§ REQUIRED WORK
Print the whole listing again exactly as it stands, leaving out any images.

§ SUPPLIED MATERIAL
□ □ □ □ □

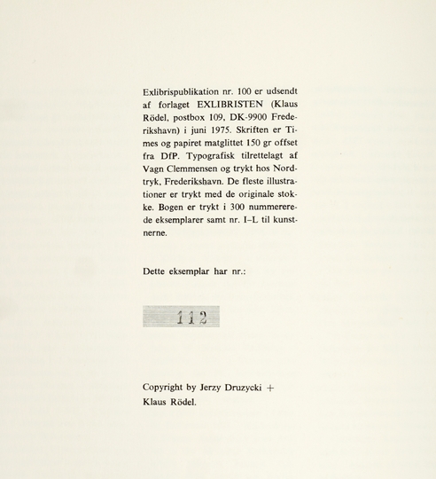 DRUZYCKI Jerzy – Det moderne polske exlibris. Frederikshavn 1974. Exlibristen. 4, s. 105, [1]. opr. oryg. pł., obw. Det europaeiske exlibris efter 1950, vol. 1.
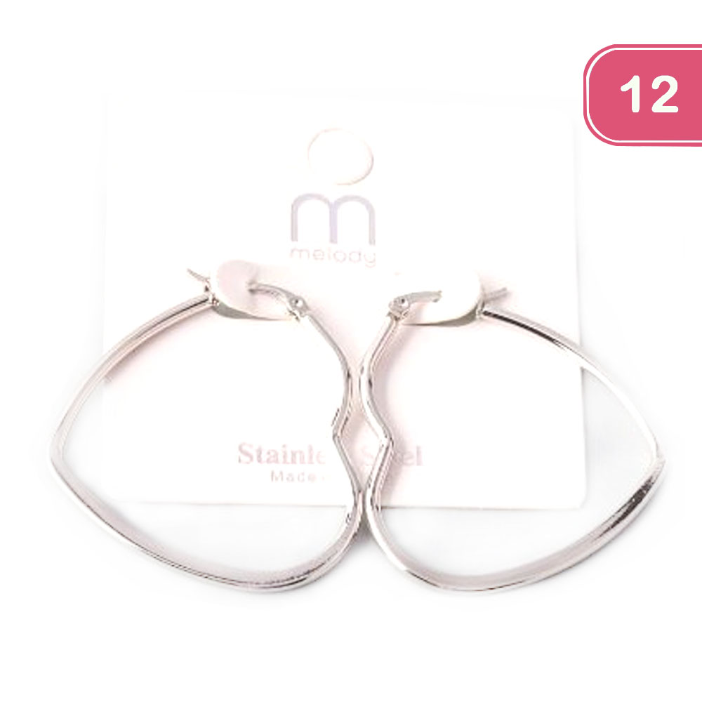 HEART HOOP STAINLESS STEEL EARRING (12 UNITS)
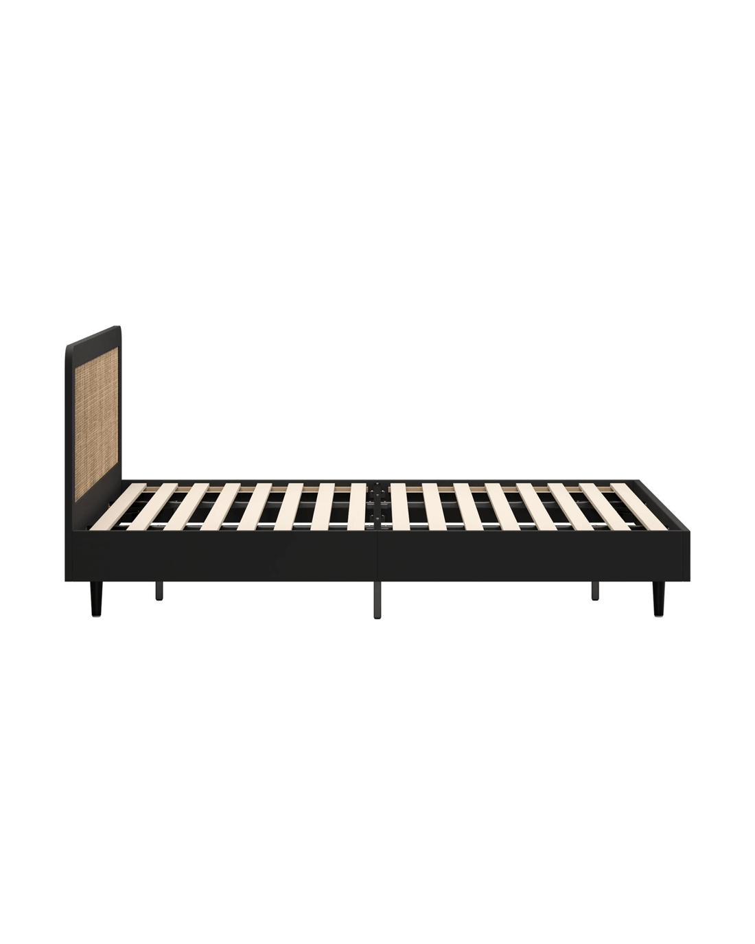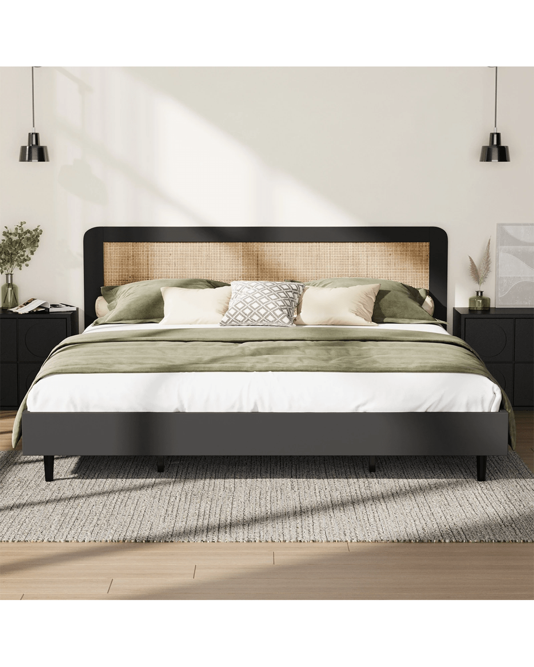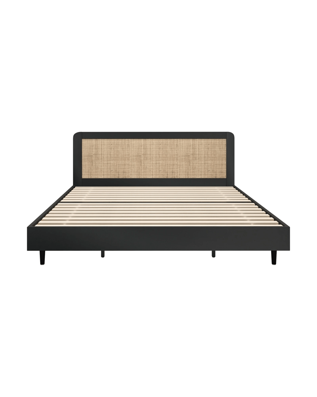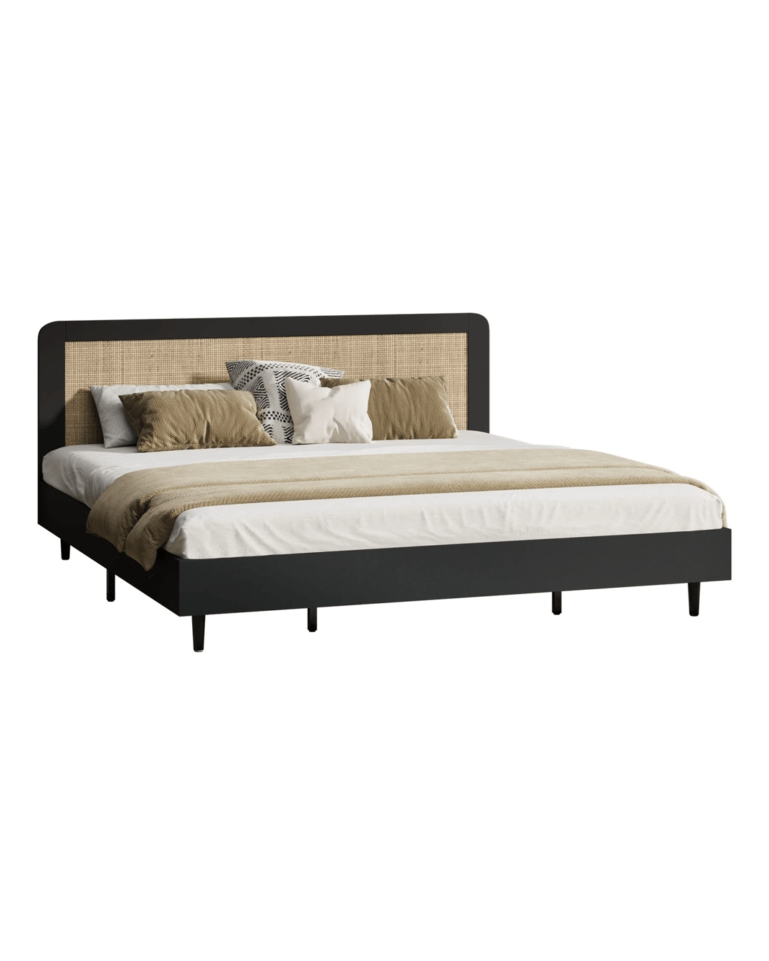Sold by Kamprad's Oikos 1943Oikiture King Bed Wooden Bed Frame With Rattan Headboard - Black

□ □ □ □ □

§ YOUR SOLUTION
 DRUZYCKI Jerzy – Det moderne polske exlibris. Frederikshavn 1974. Exlibristen. 4, s. 105, [1]. opr. oryg. pł., obw. Det europaeiske exlibris efter 1950, vol. 1.
 HEART HOOP STAINLESS STEEL EARRING (12 UNITS)
Sold by Kamprad's Oikos 1943Oikiture King Bed Wooden Bed Frame With Rattan Headboard - Black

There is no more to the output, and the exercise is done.